Beyond the ecological catastrophe caused by microplastics in the sea, there are public health risks attached for us humans. Marine organisms consume these plastic fragments inadvertently. If we then consume the affected shellfish and fish, it’s our turn to ingest them. A WWF survey reveals that we ingest some 5 grams of plastic per week in this way.

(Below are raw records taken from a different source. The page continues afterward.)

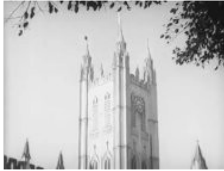
Fig. 4, 5, 6: A close-up of a statue of the Goddess Kali slowly dissolves into a visual of a church
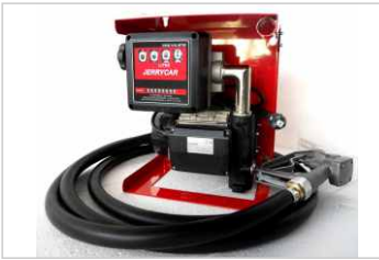
Jerrycar 220 volt pump set 60L/min includes:
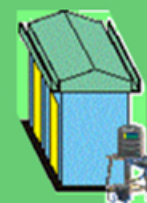
2 stance Mobilet® with hand wash facility

Delivery and Installation: We are committed to delivery, installation and commission of all AquaSan OneStop ® Packages. Please request a detailed quotation for every package, as price will vary by location and conditions on the ground.
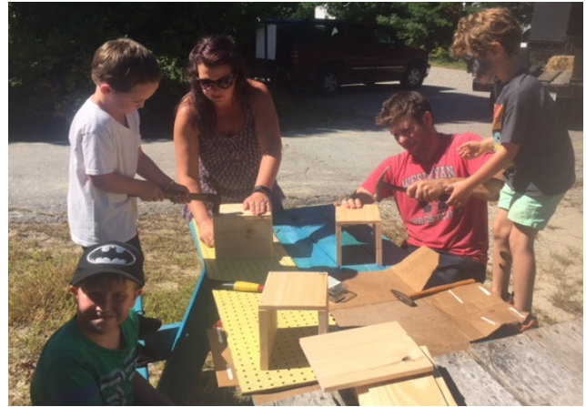
Families learn to make boxes at the Community Tool Lending Shed

Community Tool Lending Shed: The Grapevine's Community Tool Lending Shed is now open! With the support of an anonymous local donor, many volunteers, and tool donations made we have begun lending out tools and offering workshop to learn how to use these tools. The Community Tool Lending Shed is organized by a volunteer committee that offers workshops and facilitates lending tools with community members. If you are interested in learning more about the Tool Shed please email our Tool shed committee at: toolshed@grapevinenh.org
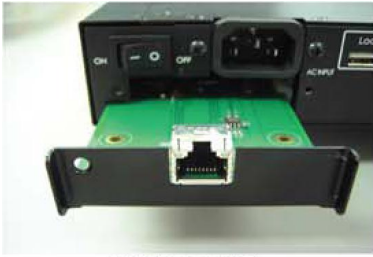
CAT 5 Console Port
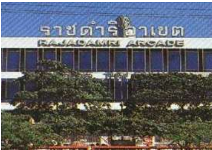
RAJADAMRI ARCADE -M,E-
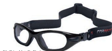
C1 Shiny Metallic Black
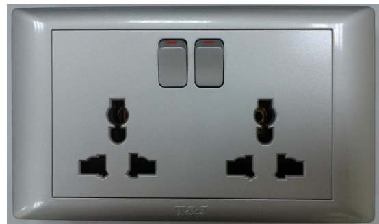
Front View of HB818SD
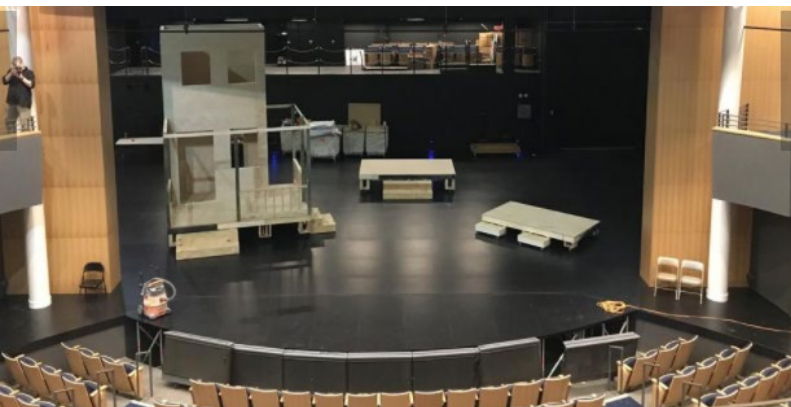
Platforms and supports hidden beneath the pit creates a seamless look while allowing faster and easier changeovers between scenes
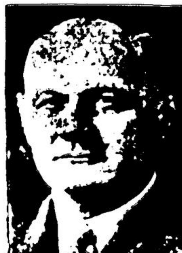
HON. HUMPHREY MITCHELL Minister of Labor
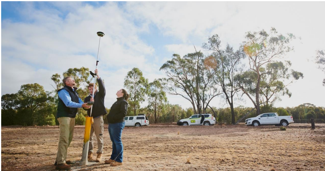
Figure 1: Survey works at Clean TeQ Sunrise

Clean TeQ's vision is to empower the clean revolution by applying our proprietary technologies to find better ways to solve the planet's most pressing environmental problems. With the development of the Clean TeQ Sunrise Project, and a fast-growing water treatment business, innovation remains at the core of our philosophy.
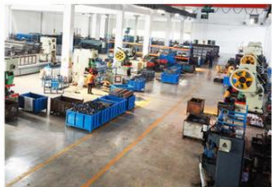
Stamping Workshop ▼
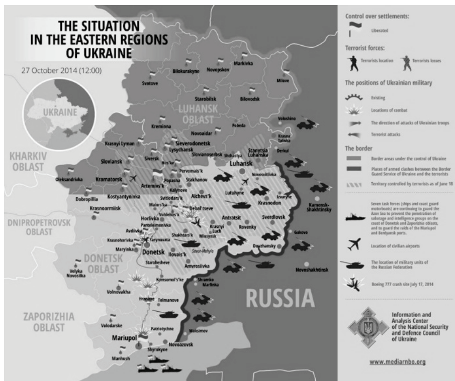
Fig. 4. Current borderline of eastern Ukraine.

Nonconformity to bequests in the Minsk Agreement, and the attempt to force to accept the conditions of conducting conflict imposed by Kremlin is the current policy imposed by Moscow.
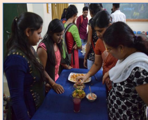
COOKING WITHOUT FIRE
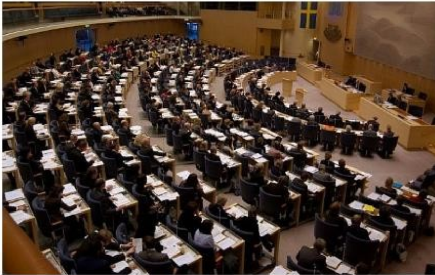
The Swedish Riksdag

Saying she regretted the party conference's vote, she insisted the Center Party, which holds 31 out of 349 seats in the Riksdag, the Swedish parliament, was committed to "standing up for minorities in Sweden and their opportunity to live here," according to Expressen.
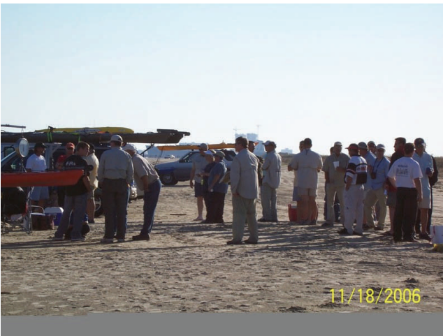
Gathering on the Beach for the weigh in
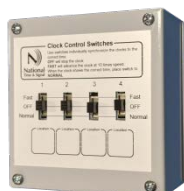
980-4-SA Manual Switches
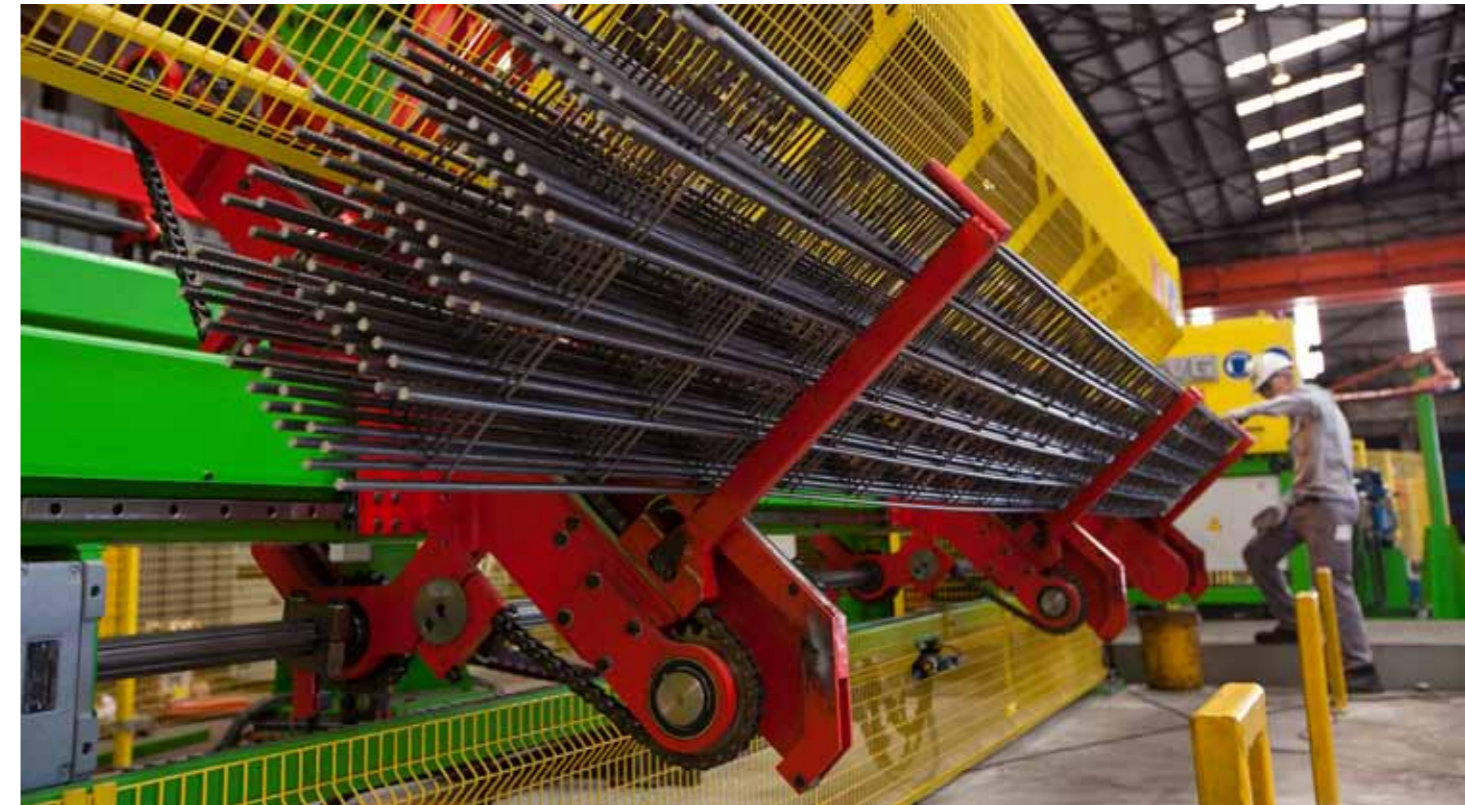
NatSteel's automated downstream facilities

“IT IS CLEAR THAT THE DAYS OF NATSTEEL SEEING ITSELF AS SIMPLY A STEEL SUPPLIER ARE IN THE PAST”
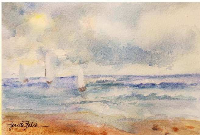
Josette Baker "Sails on the Chesapeake", 5" X 7", Miniature Watercolor This little painting stirs fond memories of summer sailboat races on the bay where I served on the crew flying the sails to capture the wind, tacking our vessel to gain best advantage.
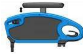
Desk sideguard, armpad, height-adjustable, flip-up, remove
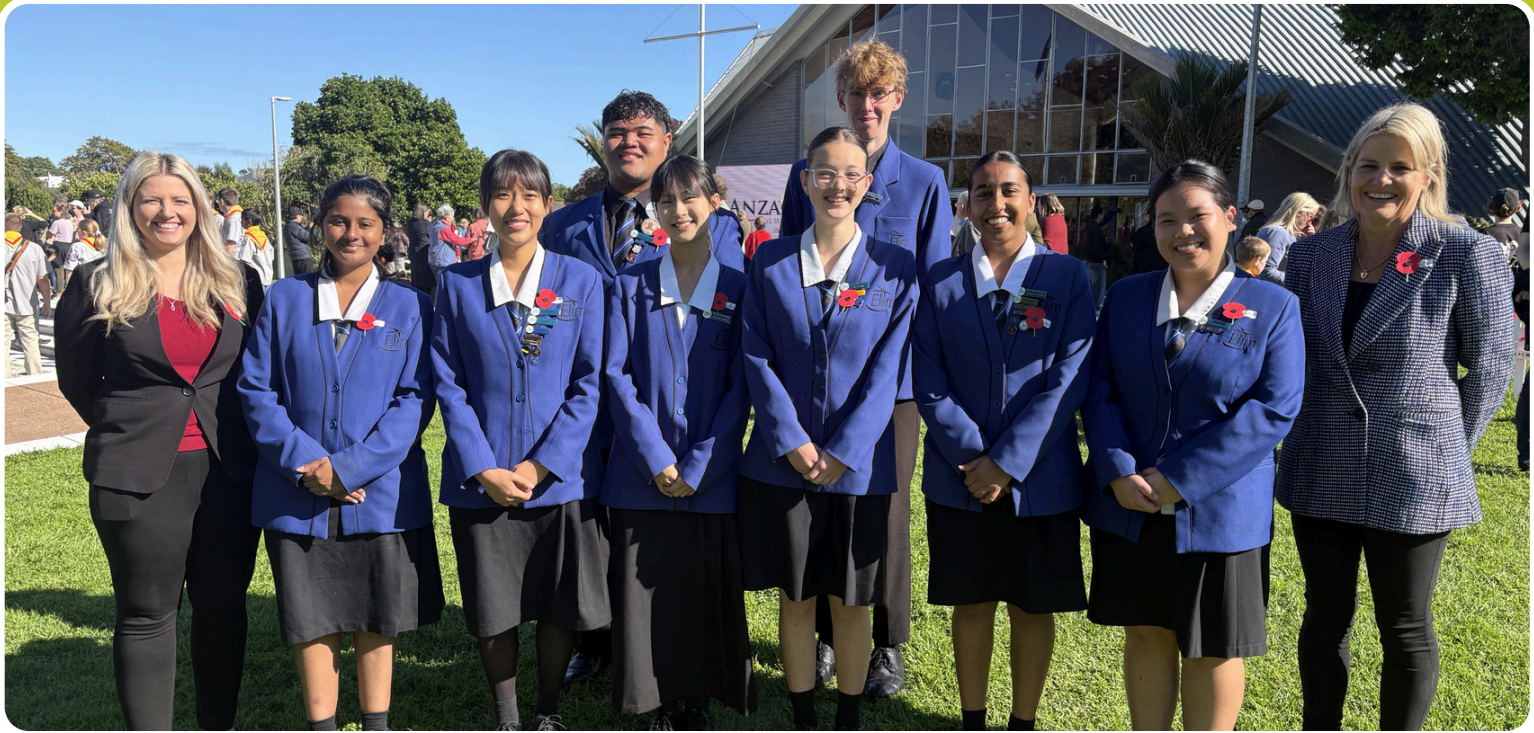
Tenā Kotou katoa

That’s a credit card’s worth! Plastic is also ingested via bottled water and plastic crumbs that we might swallow after cutting up food in a plastic tray, a plate made from melamine (a plastic resin material that’s heavy and unbreakable) or on a plastic chopping board.

To get back to the subject of the sea, the most worrying thing currently is the phenomenon of the “plastisphere”. Plastic attracts organisms and bacteria which gear themselves around a new ecosystem. Some of them are pathogenic to living organisms, like the vibrio (a bacillus of which one particular species causes cholera), which can support toxic algae. Lastly, plastic can get loaded with pollutants that it transfers to our plates and our running water, and that it takes to the Arctic and the deepest ocean trenches, and even into the placentas of marine animals. 

The sea is polluted and marine ecosystems suffer and sometimes disappear, all over the world. To save them, we have to call production systems into question and have them work in a different way. Each of us can take action by breaking certain habits and embracing new ones as consumers, to apply pressure to decisionmakers and industrial groups.

It’s an emergency, because even if we were to halt consumption and therefore halt the shedding of plastic into the sea today, it would not stop the development of plastic continents overnight.